Balanced Budget Act of 1997: The Balanced Budget Act of 1997 included a $450 billion debt limit increase which, thanks to the surpluses of the late 1990s and early 2000s, enabled it to last until 2002. At the time, the legislation called for about $125 billion of net deficit reduction over five years and $425 billion over ten years. It did so mainly through reductions in health care spending via provider payment reductions and increased premiums. The Act also created a few new programs -- Medicare+Choice (later renamed Medicare Advantage or Medicare Part C) and the State Children’s Health Insurance Program (SCHIP).

Statutory PAYGO Act of 2010: The Statutory PAYGO Act of 2010 contained a debt limit increase of $1.9 trillion, the largest nominal increase ever enacted until that point in time.

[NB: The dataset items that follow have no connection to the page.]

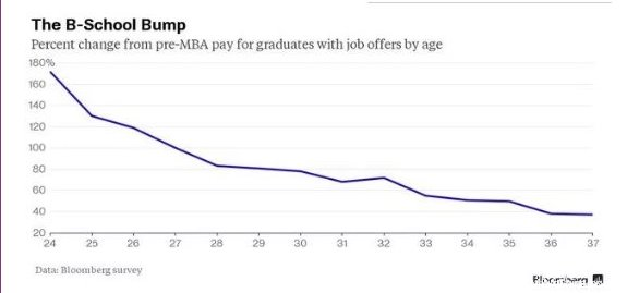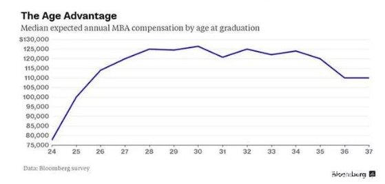 2014年調(diào)查了10000名全職MBA畢業(yè)生后發(fā)現(xiàn),在30歲之前,得到MBA學(xué)位的年紀(jì)越大,薪水也就越高。這也能夠解釋的清楚:一個28歲的MBA畢業(yè)生比一個24歲的有更多經(jīng)驗和教育。令人驚奇的是,30歲之后,經(jīng)驗和教育帶來的優(yōu)勢迅速下降。
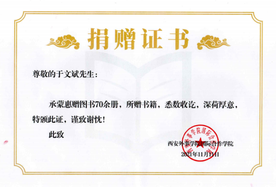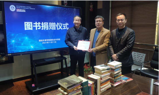 于文斌教授现为企业退休职工,曾长期在省外办、高校等单位工作,积累了大量外语类书籍。退休后一直关心关注高校工作尤其是外语学科的发展,他希望所赠书籍能为公司师生所用,并表示后期将陆续整理并捐赠其他语种的书籍,为公司外语学科发展尽一份力量。
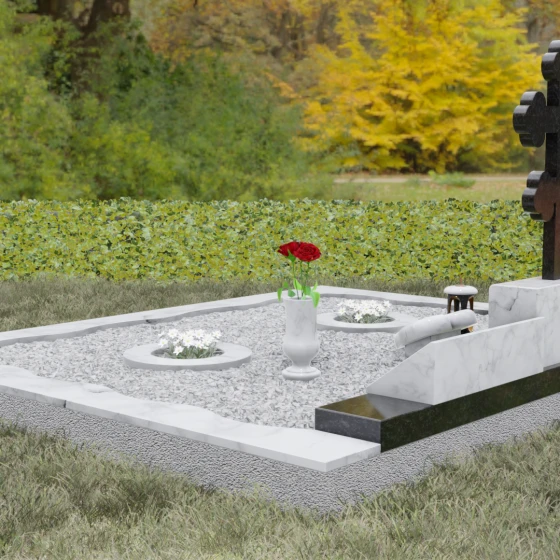 • Надгробное решение: Внутреннее пространство заполнено декоративной светлой крошкой, на фоне которой выделяются два интегрированных круглых цветника. Такое исполнение исключает разрастание сорняков и значительно упрощает уход за участком.

The legislation also reinstituted statutory PAYGO procedures that require tax cuts and mandatory spending increases to be fully offset (with some exemptions). Informally, the agreement to raise the debt ceiling also led to the creation of a National Commission on Fiscal Responsibility and Reform, to which President Obama later appointed Erskine Bowles and former Senator Al Simpson as co-chairs.

Budget Control Act of 2011: The Budget Control Act (BCA) gave the President the authority to increase the debt limit in tranches – subject to a Congressional motion of disapproval – by a total of $2.1 trillion. The BCA also contained $917 billion in deficit reduction over ten years, primarily through caps on discretionary spending. In addition, the bill established the Joint Committee on Deficit Reduction (“Super Committee”) to produce deficit-reduction legislation of at least $1.2 trillion in savings, with budget sequestration to begin in 2013 as the enticement for the Super Committee to succeed. The bill also required Congress to vote on a Balanced Budget Amendment, which it did not pass.

No Budget, No Pay Act of 2013: Lawmakers enacted the No Budget, No Pay Act in early February 2013, which temporarily suspended the debt ceiling through May 18th, 2013 and then set an automatic “catch up” on May 19th that allowed for a $300 billion increase in the debt ceiling. The agreement would have also withheld the pay of Members of Congress if no budget resolution was passed in each House (though there was no requirement that the resolutions being agreed to jointly, which is necessary to go forward with the budget process).